Asked by JENg

A triangle can be formed by joining any 3 of the 13 vertices.

so the total number of triangle is C(13,3) = 13!/(3!10!) = 286

ok well that answer is not one of my choices. so something is wrong

The number of diagonals in the first series of polygons are

Number of sides
n = 3....4....5....6....7....8
Number of diagonals
N = 0....2....5....9...14...20
1st Difference
......2....3....4....5....6
2ndDifference
........1....1....1.....1

We therefore, have a finite difference sequence with the 2nd differences constant at 1. This means that the general expression for the number of diagonals in any n-gon is of the form N = an^2 + bn + c.
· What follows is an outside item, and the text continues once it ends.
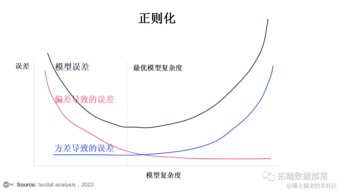 随着模型复杂性的增加(也就是在线性回归的情况下可以被认为是预测变量的数量),估计的方差也会增加,但偏差会减少。无偏的 OLS 会将我们置于图片的右侧,这远非最优。这就是我们进行正则化的原因:最小化变量的数量,降低模型的复杂度的同时,以一些偏差为代价来降低方差,从而在图上向左移动,向最优方向移动。

Using the data, we can write
a(3^2) + b(3) + c = 0 or 9a + 3b + c = 0
a(4^2) + b(4) + c = 2 or 16a + 4b + c = 2
a(5^2) + b(5) + c = 5 or 25a + 5b + c = 5

Solving this set of equations leads us to a = 1/2, b = -3/2, and c = 0 resulting in N = n^2/2 - 3n/2 = n(n - 3)/2.

Therefore, with 13 sides,
N = (13)^2/2 - 3(13)/2 = 65.

How many triangles are formed in a regular polygon with 13 sides?